■ DATASET ■
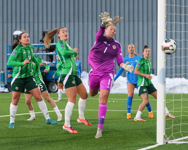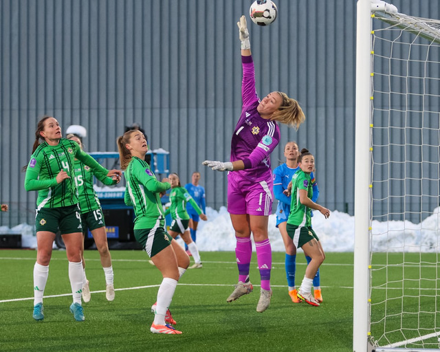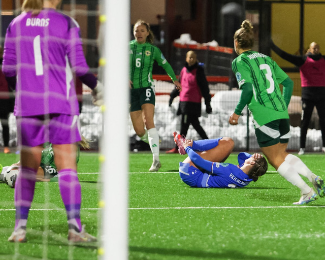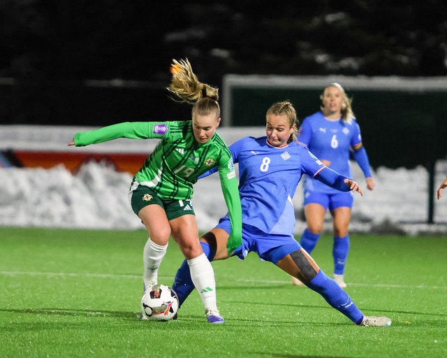 Íslenska kvennalandsliðið verður áfram í A-deild Þjóðadeildarinnar en liðið vann öruggan 3-0 sigur gegn Norður-Írlandi í Laugardalnum í gær. Haukur Gunnarsson var með myndavélina á Þróttarvelli.
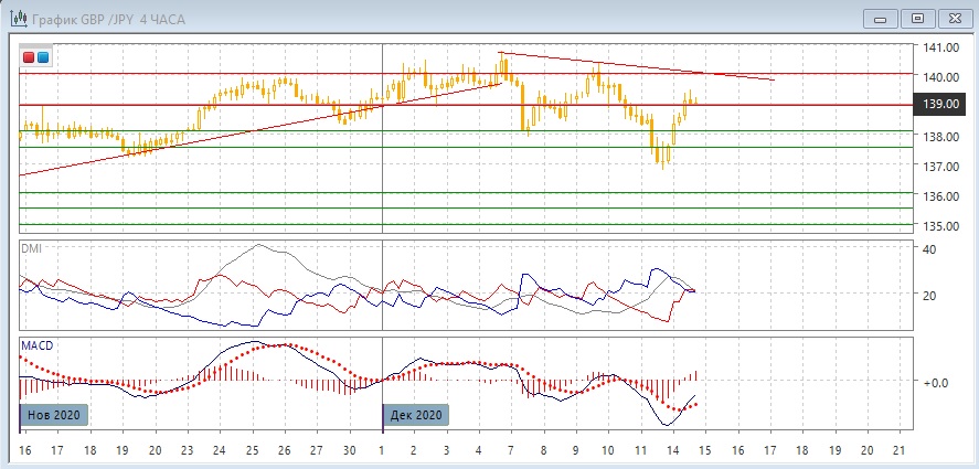На дневном графике пара осталась в диапазоне 137,55-140,00. Закрытие ниже уровня поддержки 137,55 в пятницу может быть ложным пробоем, так как пара быстро восстановилась выше сильного уровня поддержки 137,55. Исходя из движения в диапазоне, можно ожидать роста к верхней границе 140,00. Негативным может быть снижение относительных максимумов и минимумов пары с начала декабря. Так как пара преимущественно двигается за счёт стороны фунта, перспектива зависит сейчас не от технической картины, а от новостей, которые могут привести к резкому движению в любом направлении. С новостной точки зрения диапазон объясняется продолжением переговоров по торговле после Brexit без из успеха, но и без разрыва.
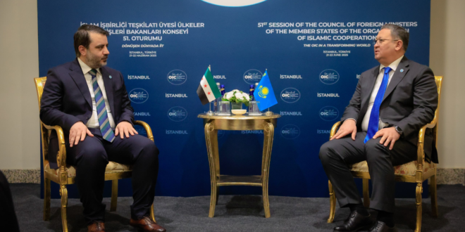 التقى وزير الخارجية والمغتربين السيد أسعد الشيباني وزير خارجية كازاخستان السيد مراد نورتليو، على هامش أعمال الدورة الحادية والخمسين لمجلس وزراء خارجية الدول الأعضاء في منظمة التعاون الإسلامي المنعقدة في إسطنبول.
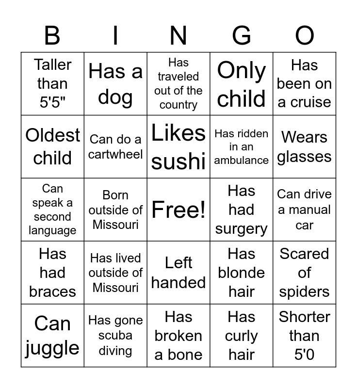 This bingo card has a free space and 24 words: Has lived outside of Missouri, Has gone scuba diving, Likes sushi, Can juggle, Has been on a cruise, Taller than 5'5", Oldest child, Has a dog, Has had surgery, Left handed, Has ridden in an ambulance, Can speak a second language, Has blonde hair, Scared of spiders, Can do a cartwheel, Has curly hair, Can drive a manual car, Has traveled out of the country, Wears glasses, Born outside of Missouri, Shorter than 5'0, Has had braces, Only child and Has broken a bone.
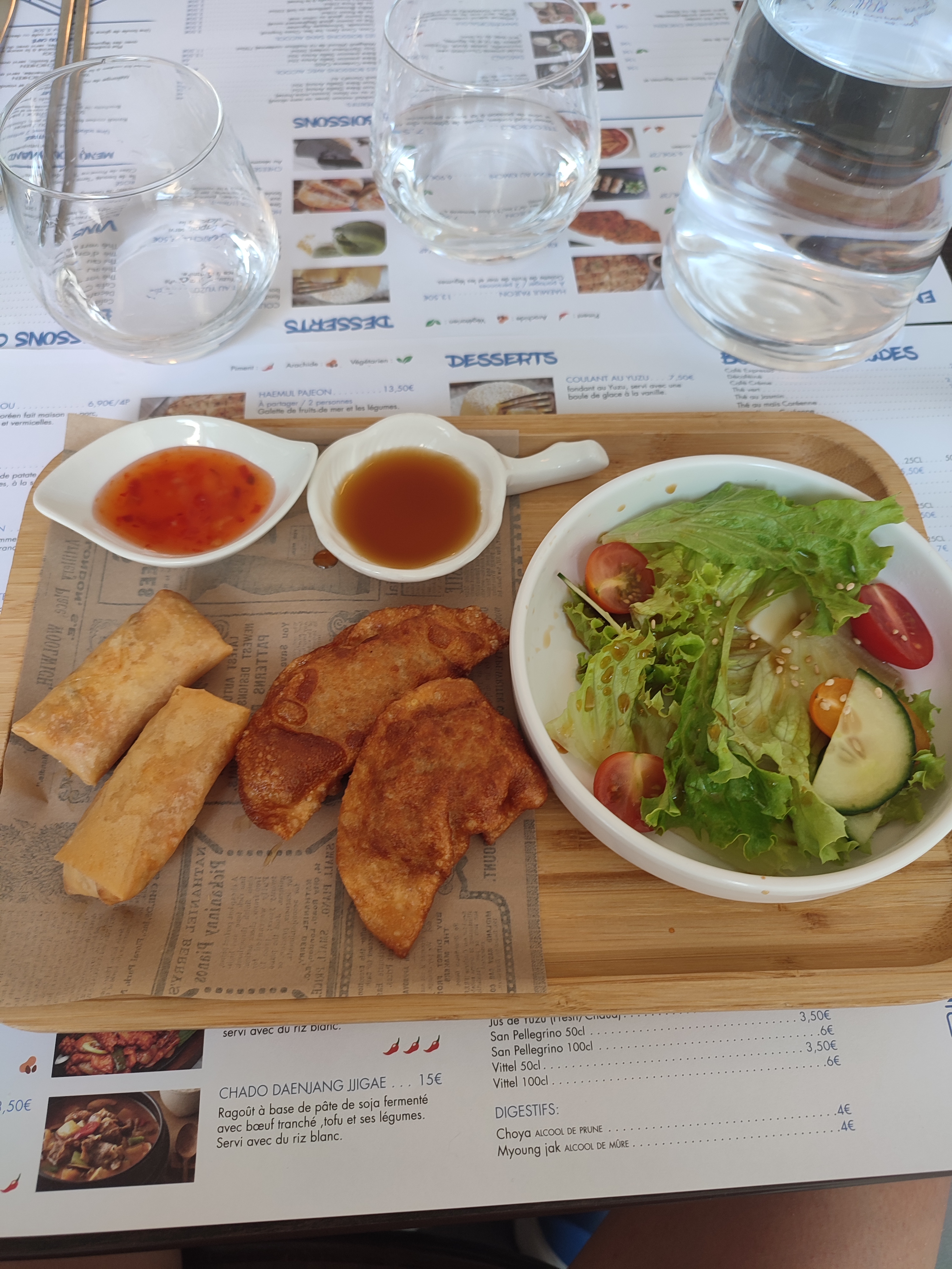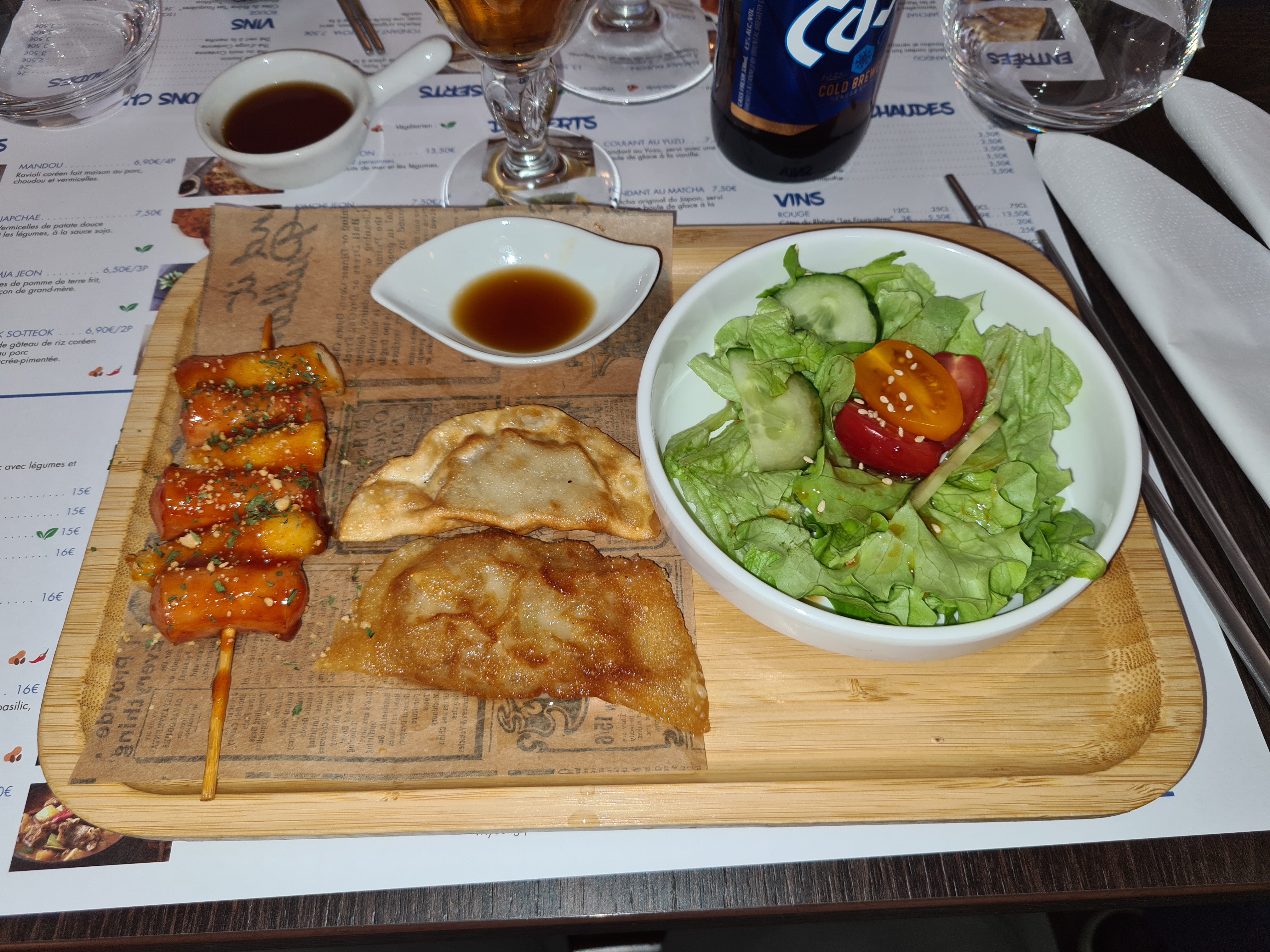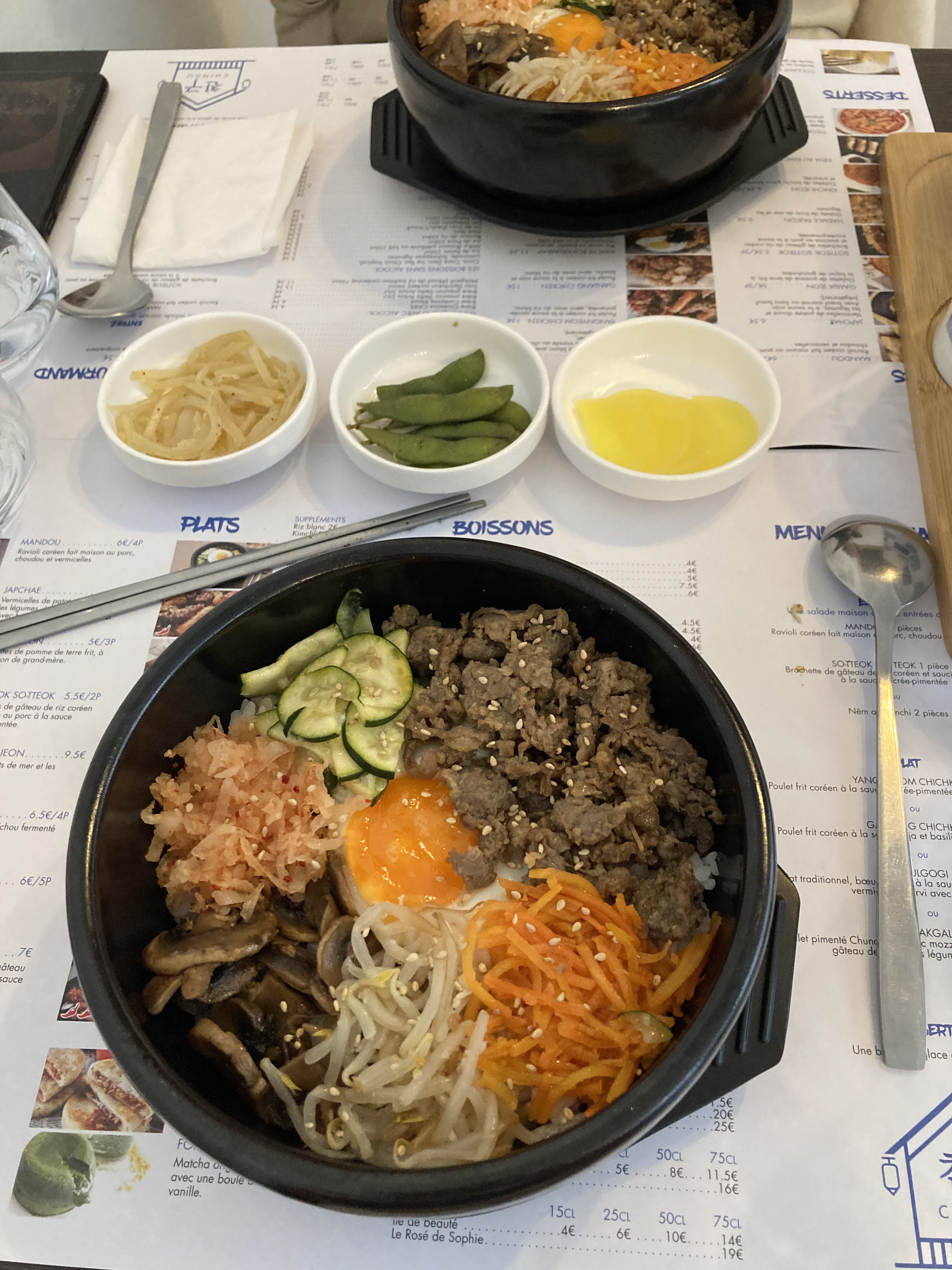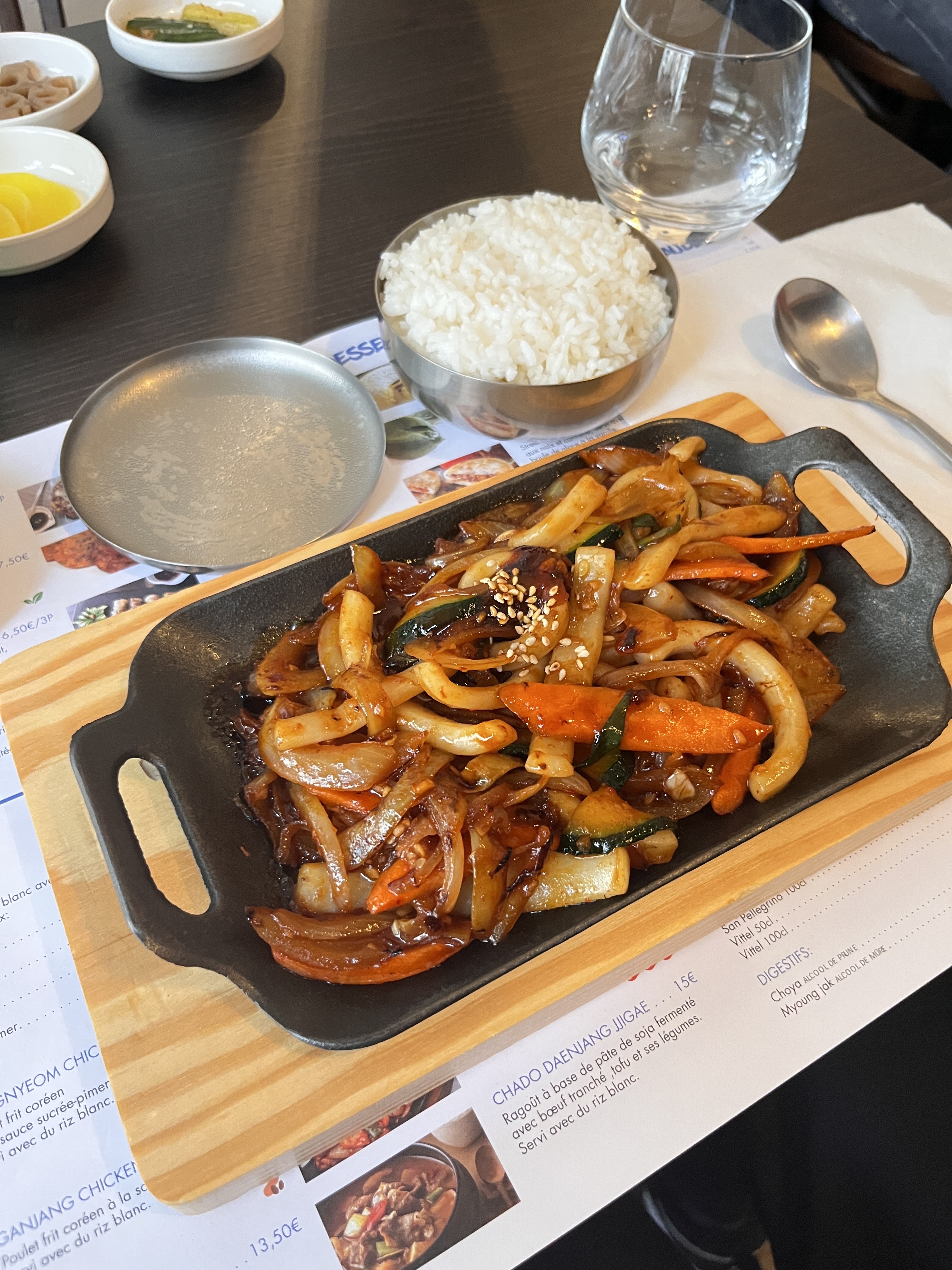 Repas délicieux ,le poulet , absolument canon ,le bibimbap,super et mon boulgogi....une tuerie . Je recommande les yeux fermés si vous aimez la vraie et bonne nourriture coréenne
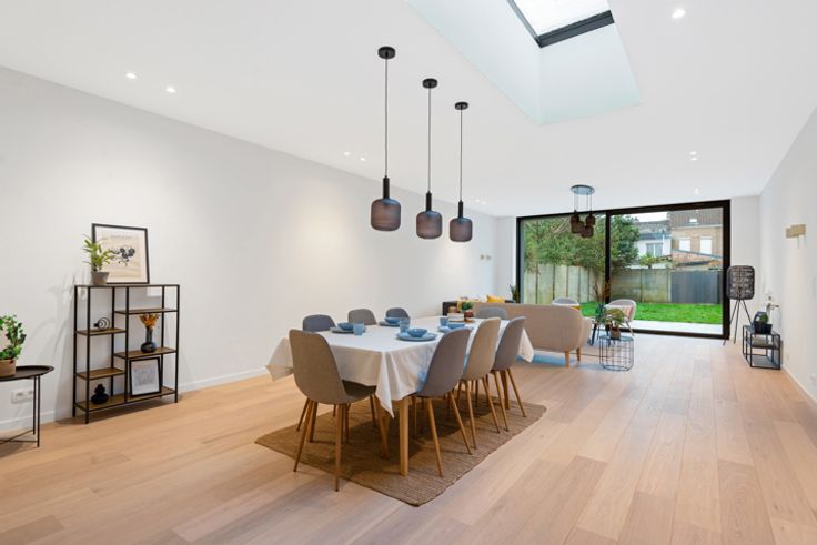 Droom je van een moderne thuis waarin je meubels perfect tot hun recht komen? Dan is deze prachtig gerenoveerde woning precies wat je zoekt! Na een grondige renovatie heeft dit pand een A-label gekregen dankzij super isolerende beglazing, een condenserende ketel en een volledig geïsoleerde buitenschil. Gelijkvloers: Bij binnenkomst word je verwelkomd in de ruime inkomhal met vestiaire. De brede garage met extra hoge poort biedt volop mogelijkheden. De schitterende keuken met eiland gaat naadloos over in een lichte en ruime leefruimte, ideaal voor gezellige avonden. Het gelijkvloers wordt verder compleet gemaakt met een gastentoilet, een tweede badkamer, een wasplaats en berging. Geniet van de zon op het zuid-west terras en in de verzorgde tuin! Eerste verdieping: Hier vind je een luxe badkamer met inloopdouche, bad en dubbele lavabo. De masterbedroom beschikt over een aangrenzende dressing, perfect als bureau of vierde slaapkamer. Twee tienerkamers maken het geheel compleet. Extra's: Een droge kelder ideaal voor het bewaren van wijn, LED-verlichting doorheen de woning, en alles is neutraal wit geschilderd. Kortom, een instapklare woning met alle moderne gemakken! Mis deze kans niet en maak snel een afspraak voor een bezichtiging tijdens onze bezoekmoment op 16/11.

■ TASK BRIEF ■
Copy out the entries above in full and exactly, skipping every picture.

■ RESULT FOR THIS TASK ■
 Íslenska kvennalandsliðið verður áfram í A-deild Þjóðadeildarinnar en liðið vann öruggan 3-0 sigur gegn Norður-Írlandi í Laugardalnum í gær. Haukur Gunnarsson var með myndavélina á Þróttarvelli.
На дневном графике пара осталась в диапазоне 137,55-140,00. Закрытие ниже уровня поддержки 137,55 в пятницу может быть ложным пробоем, так как пара быстро восстановилась выше сильного уровня поддержки 137,55. Исходя из движения в диапазоне, можно ожидать роста к верхней границе 140,00. Негативным может быть снижение относительных максимумов и минимумов пары с начала декабря. Так как пара преимущественно двигается за счёт стороны фунта, перспектива зависит сейчас не от технической картины, а от новостей, которые могут привести к резкому движению в любом направлении. С новостной точки зрения диапазон объясняется продолжением переговоров по торговле после Brexit без из успеха, но и без разрыва.
 التقى وزير الخارجية والمغتربين السيد أسعد الشيباني وزير خارجية كازاخستان السيد مراد نورتليو، على هامش أعمال الدورة الحادية والخمسين لمجلس وزراء خارجية الدول الأعضاء في منظمة التعاون الإسلامي المنعقدة في إسطنبول.
 This bingo card has a free space and 24 words: Has lived outside of Missouri, Has gone scuba diving, Likes sushi, Can juggle, Has been on a cruise, Taller than 5'5", Oldest child, Has a dog, Has had surgery, Left handed, Has ridden in an ambulance, Can speak a second language, Has blonde hair, Scared of spiders, Can do a cartwheel, Has curly hair, Can drive a manual car, Has traveled out of the country, Wears glasses, Born outside of Missouri, Shorter than 5'0, Has had braces, Only child and Has broken a bone.
 Repas délicieux ,le poulet , absolument canon ,le bibimbap,super et mon boulgogi....une tuerie . Je recommande les yeux fermés si vous aimez la vraie et bonne nourriture coréenne
 Droom je van een moderne thuis waarin je meubels perfect tot hun recht komen? Dan is deze prachtig gerenoveerde woning precies wat je zoekt! Na een grondige renovatie heeft dit pand een A-label gekregen dankzij super isolerende beglazing, een condenserende ketel en een volledig geïsoleerde buitenschil. Gelijkvloers: Bij binnenkomst word je verwelkomd in de ruime inkomhal met vestiaire. De brede garage met extra hoge poort biedt volop mogelijkheden. De schitterende keuken met eiland gaat naadloos over in een lichte en ruime leefruimte, ideaal voor gezellige avonden. Het gelijkvloers wordt verder compleet gemaakt met een gastentoilet, een tweede badkamer, een wasplaats en berging. Geniet van de zon op het zuid-west terras en in de verzorgde tuin! Eerste verdieping: Hier vind je een luxe badkamer met inloopdouche, bad en dubbele lavabo. De masterbedroom beschikt over een aangrenzende dressing, perfect als bureau of vierde slaapkamer. Twee tienerkamers maken het geheel compleet. Extra's: Een droge kelder ideaal voor het bewaren van wijn, LED-verlichting doorheen de woning, en alles is neutraal wit geschilderd. Kortom, een instapklare woning met alle moderne gemakken! Mis deze kans niet en maak snel een afspraak voor een bezichtiging tijdens onze bezoekmoment op 16/11.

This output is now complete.